1. Procedural impact:
The Ordinance introduces substantial procedural uncertainty in the resolution process and opens it up to disputes and
litigation. These insolvency professionals now have the task of determining the eligibility of applicants as per this
Ordinance.
1. Economic impact on resolution
The Ordinance effectively disqualifies vast sections of the corporate world, both in India and abroad, from participating in
the IBC bidding process.
In doing so, it significantly reduces the number of likely resolution plans that maybe submitted in any IBC case in an
already gloomy landscape. The lack of competition among the narrow pool of eligible bidders will depress the financial
value of any resolution plan
1. Impact on IBC principles:
By substantially shrinking the universe of eligible resolution applicants as well as potential buyers in liquidation, the
Ordinance violates the core principles of the IBC.
The IBC is based on the premise that all business failure is not fraud. The Ordinance by its very design goes against this
principle. A person may have faced adverse economic shocks such as a business cycle downturn or a commodity price
shock.

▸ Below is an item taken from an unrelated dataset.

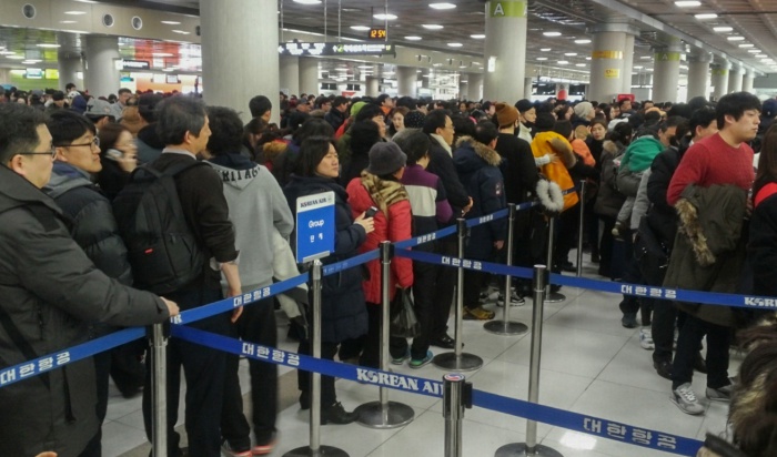 (서울=포커스뉴스) 32년 만에 폭설로 제주국제공항이 폐쇄된지 3일째 되는 25일 오후 제주국제공항 대합실에 모인 관광객들이 항공권을 발권하기 위해 줄을 서 있다. 국토교통부는 25일 오후 12시를 기해 운항을 재개한다고 밝혔다. 하지만 항공기에 쌓인 눈을 제거하는 등 작업들이 남아 있어 실제적인 운항재개는 오후 3시부터 이루어질 전망이다. <사진제공=김세희 사진가>

This is different from a fraudulent or an unscrupulous promoter who may have been siphoning off assets from her
own firm.
But, The Ordinance treats both these categories on par.
Way forward
An ultimate test of the success of IBC is the recovery rate. As the preamble to IBC clearly states, the primary objective of
the law is maximisation of value of assets of the debtor firm undergoing the insolvency and bankruptcy proceedings.
Fulfilling this objective requires a competitive bidding process such that there is a fair price discovery mechanism.
One way to resolve this conundrum maybe to bar promoters from participating in the IBC bidding process in their full
capacity while permitting them to make deals with third parties such as private equity funds, who would be the primary
bidders.
Even though there have been concerns about the amendment, it should ensure that errant promoters don’t end up getting the
business back with all sacrifices being made by the lenders.